Let it be also known that I haven't had any time to play with the new NA
implementation...

Once upon a time...

-------------------

numpy.ma was developed on top of Paul Dubois’ implementation for Numeric
and its adaptation to Numarray. Originally a masked array was its own
object, the combination of a regular ndarray (the `.data`) and its `.mask`
counterpart, a boolean ndarray with the same shape as the `.data`. Two
special values were also defined, `nomask`, a flag in practice equal to
False indicating that no item was masked in the `.data` array and `masked`,
representing an item being missing or ignored in the `.data`. The `.mask`
had either `True` items (if the corresponding item in the `.data` was
missing or ignored, ie was `masked`) or `False` items otherwise. Nothing
surprising here.

I started to use numpy to analyze hydroclimatic datasets that are often
incomplete: for some reasons or another, data wasn’t recorded for some
period of time, and I wanted to take this aspect into account.
Maskedarrays-as-objects met my needs until I tried to create a subclass…
After unsuccessful attempts, doubtlessly due to my inexperience, I came to
the realization that most of the issues I was experiencing could perhaps be
solved by making the MaskedArray class a subclass of ndarray.

The new implementation followed the original one as much as possible, for
compatibility of course but also because I felt that there must have been
some pretty good reasons for why things were coded the way they were, if I
couldn’t exactly see why at the time. For example, the `nomask` flag, the
`fill value` concept, the shared mask approach were kept, as well as the
MaskedUnary/MaskedBinary/DomainBinaryOperations layers. On that regard,
actually, there have been some modifications. Initially, the `.mask` of the
output was computed first (from the `.mask` of the input(s) and a validity
domain, if any), and the non-masked part filled accordingly. This approach
worked well in most cases but turned out to be problematic in some domained
operations: finding the domain of np.pow in particular required too many
tests. Therefore, the most efficient (well, least inefficient) approach was
to compute first the output `.data` and then its mask from the input masks
and the invalid results. An ugly hack, yes, but which was deemed necessary
with a pure Python implementation.

Paul Dubois had confided during an email exchange that if things had been
different, he would have coded MaskedArrays in C. I would have done the
same thing if I could speak C (I'm still slowly learning it). I even
considered Cython for a while, but never managed to subclass a ndarray
(things may have changed now, it's been a while since I last tried).

<tl;dr>

I think that most of the current issues with numpy.ma come from the fact
that it's pure Python. The API itself hasn't really changed since the very
beginning of Numeric, even if it has been improved (e.g. to support
structured type) and the original masked-array-as-an-object concept has
been replaced by a subclass of ndarray. IMHO, most of the overhead would be
compensated by a lower-level implementation.

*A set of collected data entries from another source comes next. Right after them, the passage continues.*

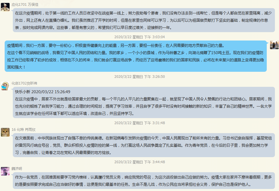 3月20日,我院本科生第二党支部召开以“读回信、谈感悟”为主题的线上活动。
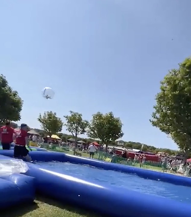 The haunting footage shows the exact moment that the little child is swept away into the air in an inflatable zorb that was created by a freak gust of wind.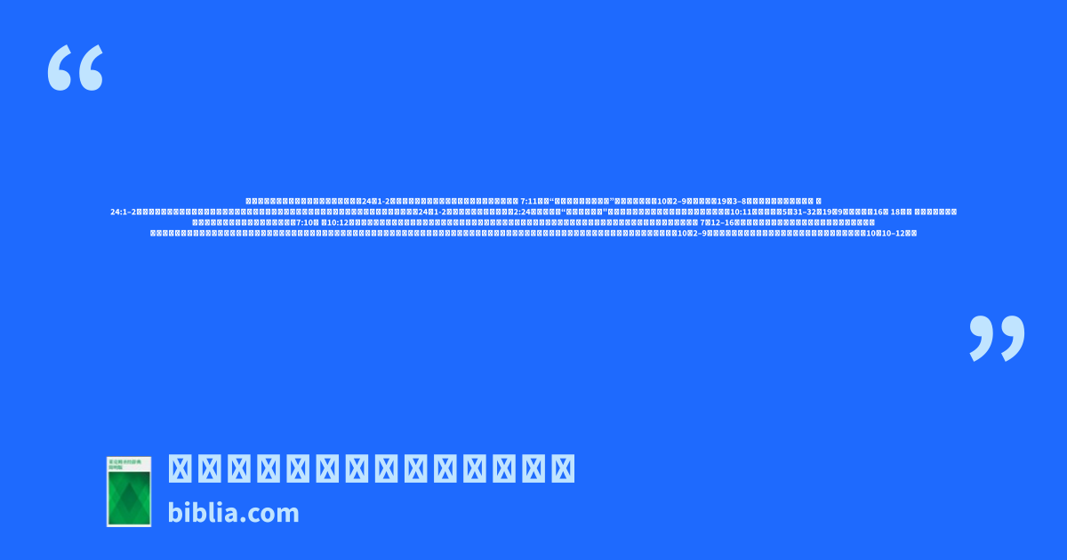 离婚。 耶稣还重新解释了允许离婚的律法(申命记24:1-2)。保罗是最早记录此一教导的新约作者(林前 7:11):“丈夫也不可离弃妻子”。根据马可福音10:2–9和马太福音19:3–8,耶稣在与一些内部持对 申 24:1–2有不同解释的法利赛人争辩律法时,讲述了这个教导。但是,对于耶稣来说,这个教导的先例不是申命记24:1-2,而是上帝更早在创世记2:24中的宣告:“二人成为一体"。因此,离婚和再婚会导致犯奸淫(马可福音10:11;马太福音5:31–32;19:9;路加福音16: 18)。

In any case, numpy.ma is currently in pure Python and therefore suboptimal.
For this reason, I always considered it mostly as a convenience module for
simple problems; for more elaborate ones, I advised to manipulate the
`.data` and `.mask` (actually, the `._data` and `._mask`...) independently,
at least till we come with a more efficient solution.

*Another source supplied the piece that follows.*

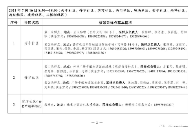 二、采样地点:以居住地社区为单位,由社区负责通知到指定地点采样。

I'm not saying that the current concepts behind numpy.ma are perfect, by
far. There's no distinction between np.NA and np.IGNORED, for example, and
numpy.ma automatically mask invalid data (like INF or NAN), which may be

numpy.ma unmaintained ?

-----------------------

Chuck claimed [
http://article.gmane.org/gmane.comp.python.numeric.general/49815] that
numpy.ma is unmaintained. While I must recognized I haven't been able to
work on the bugs for the past 18 months, I'm hoping that my soon-to-be
future employer will leave me a bit of time to work on open-source projects
(anyway, if this summer's weather is like this spring's, I won't be
spending a lot of time in a park).

Nevertheless, the tickets I've seen so far don't look that scary and could
be fixed rather easily by anybody. The ticket about the printing of masked
arrays with a given precision is trickier, though (as the current
implementation relies on a trick to avoid having to redo everything).

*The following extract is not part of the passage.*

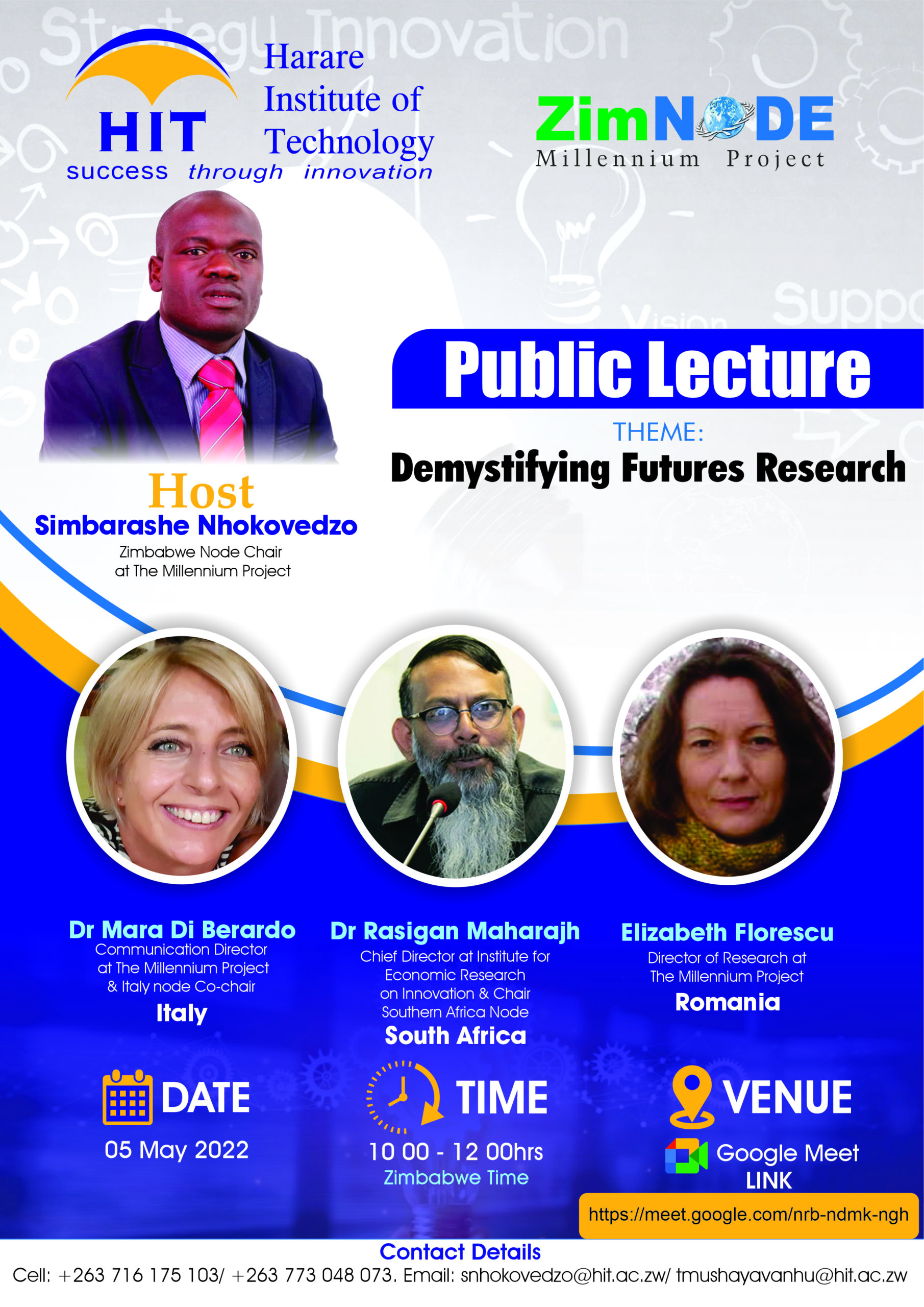 The Zimbabwe Node of The Millennium Project at the Harare Institute of Technology, chaired by Simbarashe Nhokovedzo, is organizing a Public Lecture about “Demystifying Futures Research” on May 5, 2022.

MaskedArray by default? Yesss!

------------------------------

So far, I'm 100% with Chuck when he recently [
http://article.gmane.org/gmane.comp.python.numeric.general/49489] suggested
to transform all ndarrays in masked arrays. That was something I had
half-jokingly suggested at the time, because it would have made things so
much easier for me. Of course, most users never have to deal with missing
or ignored values, and forcing a ndarray to carry an extra mask is
counter-productive. Nevertheless, it shouldn't be as a problem, as Chuck
pointed out.

numpy.ma has already the `nomask` flag that is used to check whether there
are no missing/ignored data in the array (a nifty trick Paul Dubois
introduced to save some time)

>>> if marray.mask is nomask:

>>>     (no missing values: do as if you have a basic ndarray)

>>> else:

>>>     (some missing values: proceed as needed)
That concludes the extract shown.